Technically, "html comments" between script tags are no more html comments. If you use a DOM approach these comments are not selected:
$dom = new DOMDocument;
$dom->loadHTML($html, LIBXML_HTML_NOIMPLIED | LIBXML_HTML_NODEFDTD);
$xp = new DOMXPath($dom);
$comments = $xp->query('//comment()');
foreach ($comments as $comment) {
$comment->parentNode->removeChild($comment);
}
$result = $dom->saveHTML();
About conditional comments:
If you want to preserve conditional comments, you need to check the beginning of the comment. You can do it in two ways.
The first way is to check the comment in the foreach loop, and when the test is negative, you remove the node.
But since you use the XPath way (that consists to select what you want once and for all), to follow the same logic, you can change the XPath query to:
//comment()[not(starts-with(., "[if") or starts-with(., "[endif]"))]
Content between square brackets is called a "predicate" (a condition for the current element) and the dot represents this current element or its text content (depending of the context)
However, if this will work most of the time, the slightest leading space will make it fail. You need something more flexible than starts-with.

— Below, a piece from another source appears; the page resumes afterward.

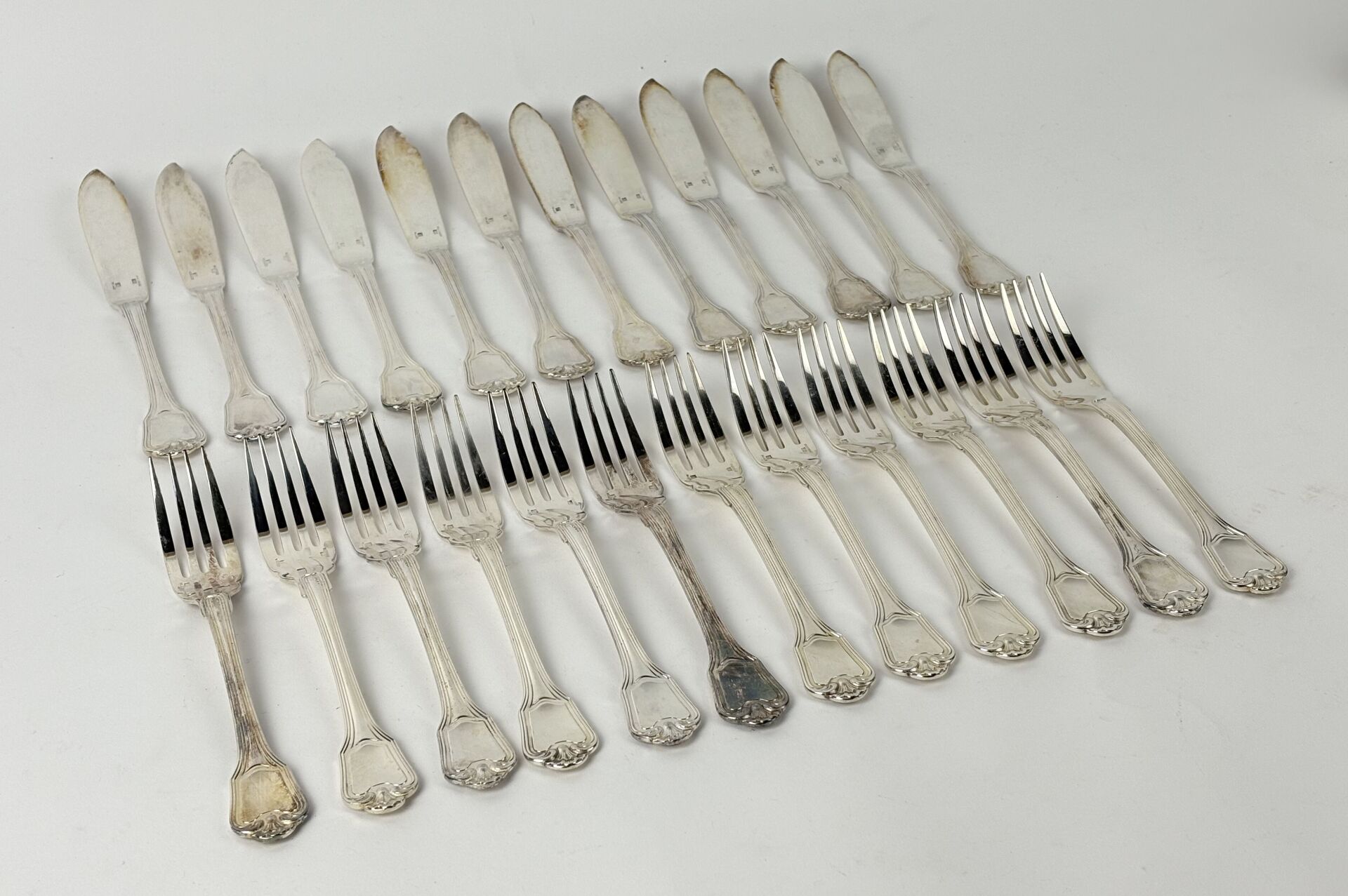 CHRISTOFLE Modèle Port Royal - Suite de douze couverts à poisson en métal argenté Dans une boite
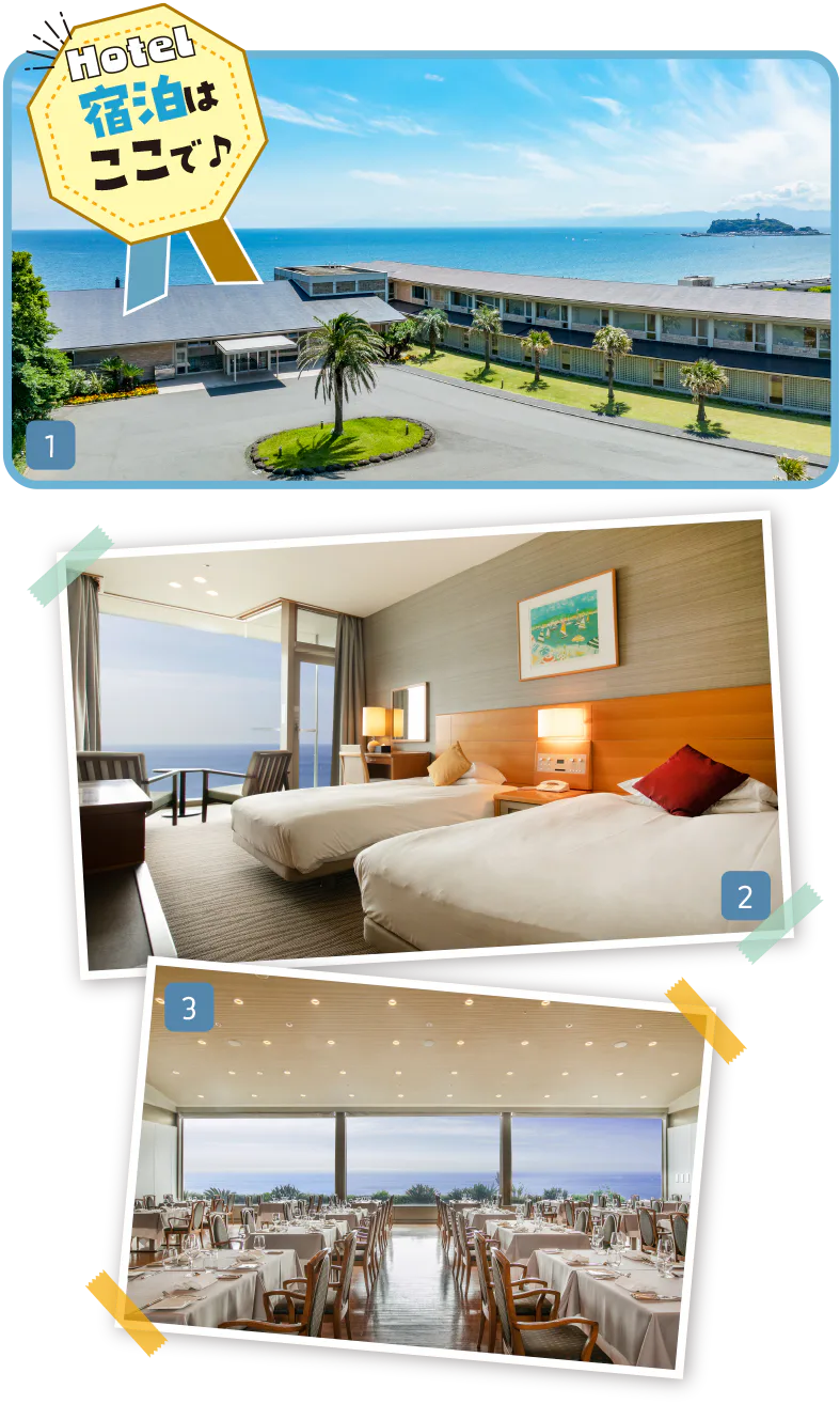 1.開放感抜群ロケーション/ 2.七里ヶ浜の海を一望できるツインルームB/ 3.レストラン ル・トリアノンでフランス料理を

It is possible to register your own php function to be used in the XPath query like this:
function isConditionalComment($commentNode) {
return preg_match('~\A(?:\[if\s|\s*<!\[endif])~', $commentNode[0]->nodeValue);
}
$dom = new DOMDocument;
$dom->loadHTML($html, LIBXML_HTML_NOIMPLIED | LIBXML_HTML_NODEFDTD);
$xp = new DOMXPath($dom);
$xp->registerNamespace('php', 'http://php.net/xpath');
$xp->registerPHPFunctions('isConditionalComment');
$comments = $xp->query('//comment()[not(php:function("isConditionalComment", .))]');
foreach ($comments as $comment) {
$comment->parentNode->removeChild($comment);
}
Note: DOMDocument doesn't support the default Microsoft syntax (the one nobody uses) that is not an HTML comment:
<![if !IE]>
<link href="non-ie.css" rel="stylesheet">
<![endif]>
This syntax causes a warning (since it is not HTML) and the "tag" is ignored and disappear from the DOM tree.